Updates a DataFrame with new rod endpoint data for one camera and frame.

Parameters:

points (Dict[str, np.ndarray]) – Rod endpoints in the format obtained from rod_endpoints().
data (DataFrame) – DataFrame for the rods to be saved in.
cam_id (str) – ID/Name of the camera, that produced the image the rod endpoints were computed on.
frame (int) – Frame number in the dataset.

Returns:

pd.DataFrame – Returns the updated data.

get_dataset_classes(dataset: DataSet) → Set[int][source]: Retrieve the number and IDs of thing classes in the dataset.

get_dataset_size(dataset: DataSet) → int[source]: Compute the number of annotated images in a dataset (excluding augmentation).

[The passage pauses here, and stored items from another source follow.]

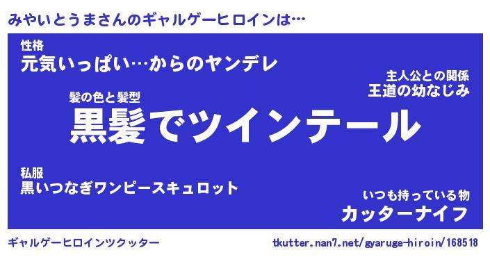 | ヒーロー風カッコイイあだ名 | 『スーパーミヤイトウマ』『黄金騎士ミヤ』 |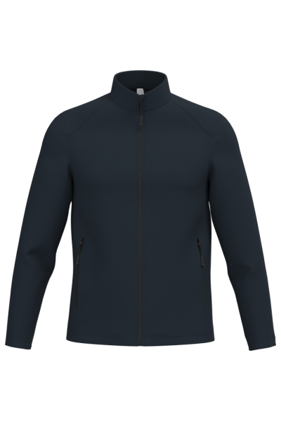 95% polyester / 5% elastaan. Softshell 2 lagen met waterafstotende behandeling. Binnenkant: zwarte microfleece van 100% polyester. Rechte snit. Opstaande kraag. Twee zijzakken met polytricot voering, nylonritsen en zwarte ritstrekkers. Ritssluiting in zwart nylon met kinbescherming en ritstrekker. Schouder- en rugstukken met sierstiksels. Zwarte nektape aan de binnenzijde. Mouwboorden en zoom afgwerkt met dubbele stiksels. Afneembaar merklabel.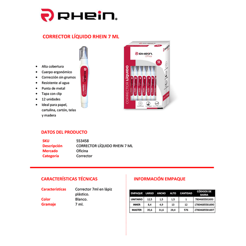 Corrector Liquido Punta Metalica 7 Ml 1 unidad Rhein

get_files(dataset: DataSet) → List[str][source]

Retrieve the file paths of a dataset that have annotations associated.

Parameters:: dataset (DataSet)
Returns:: List[str] – List of file paths to images that have annotations associated to them.

get_object_counts(dataset: DataSet) → List[int][source]: Returns a list of the number of objects in each image in the dataset.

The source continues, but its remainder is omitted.